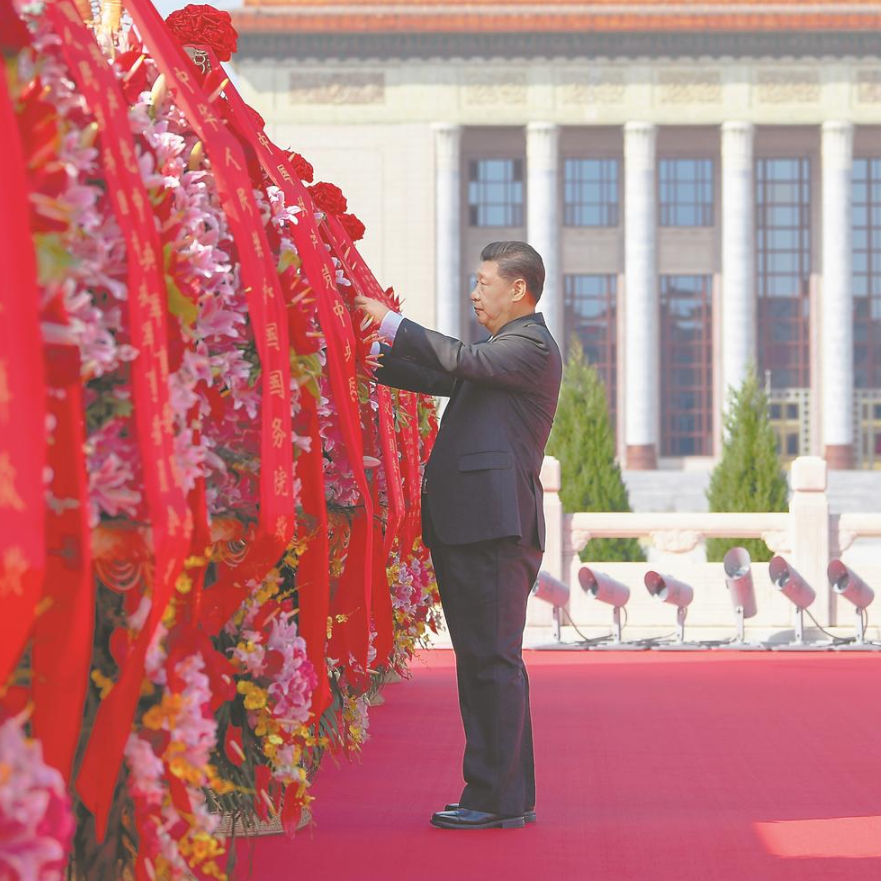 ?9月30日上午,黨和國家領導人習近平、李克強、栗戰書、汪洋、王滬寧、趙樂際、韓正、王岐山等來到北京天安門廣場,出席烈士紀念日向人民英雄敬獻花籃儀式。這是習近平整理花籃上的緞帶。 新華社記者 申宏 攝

======

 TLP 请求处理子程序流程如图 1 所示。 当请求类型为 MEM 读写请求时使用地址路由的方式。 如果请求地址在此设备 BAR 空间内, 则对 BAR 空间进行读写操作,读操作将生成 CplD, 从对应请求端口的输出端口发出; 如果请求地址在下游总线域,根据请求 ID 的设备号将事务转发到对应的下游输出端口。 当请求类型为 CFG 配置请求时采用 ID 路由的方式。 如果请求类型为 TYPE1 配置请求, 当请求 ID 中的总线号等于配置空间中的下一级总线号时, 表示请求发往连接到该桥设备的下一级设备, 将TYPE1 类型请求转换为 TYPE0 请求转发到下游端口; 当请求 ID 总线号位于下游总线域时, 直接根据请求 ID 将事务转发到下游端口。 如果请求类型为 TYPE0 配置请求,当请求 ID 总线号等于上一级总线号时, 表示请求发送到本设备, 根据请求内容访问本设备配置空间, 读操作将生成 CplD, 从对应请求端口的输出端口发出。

======

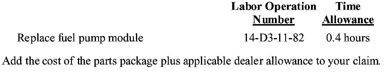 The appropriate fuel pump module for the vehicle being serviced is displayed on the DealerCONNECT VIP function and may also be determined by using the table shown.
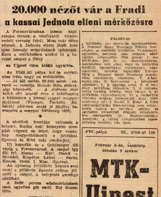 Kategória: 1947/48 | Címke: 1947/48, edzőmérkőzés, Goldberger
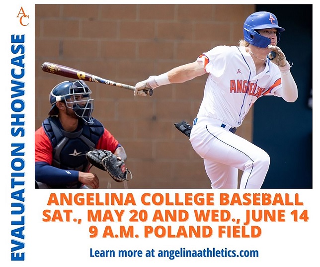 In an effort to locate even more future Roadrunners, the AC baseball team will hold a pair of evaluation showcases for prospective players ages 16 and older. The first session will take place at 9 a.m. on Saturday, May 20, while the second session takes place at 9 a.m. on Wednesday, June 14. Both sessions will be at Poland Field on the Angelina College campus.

======

- Instructions for the task -
Give back exactly the lines of the listing above from the one that contains "The appropriate fuel" up to and including the one that contains "In an effort", but not the pictures, and no other lines.

- Answer space -
 The appropriate fuel pump module for the vehicle being serviced is displayed on the DealerCONNECT VIP function and may also be determined by using the table shown.
 Kategória: 1947/48 | Címke: 1947/48, edzőmérkőzés, Goldberger
 In an effort to locate even more future Roadrunners, the AC baseball team will hold a pair of evaluation showcases for prospective players ages 16 and older. The first session will take place at 9 a.m. on Saturday, May 20, while the second session takes place at 9 a.m. on Wednesday, June 14. Both sessions will be at Poland Field on the Angelina College campus.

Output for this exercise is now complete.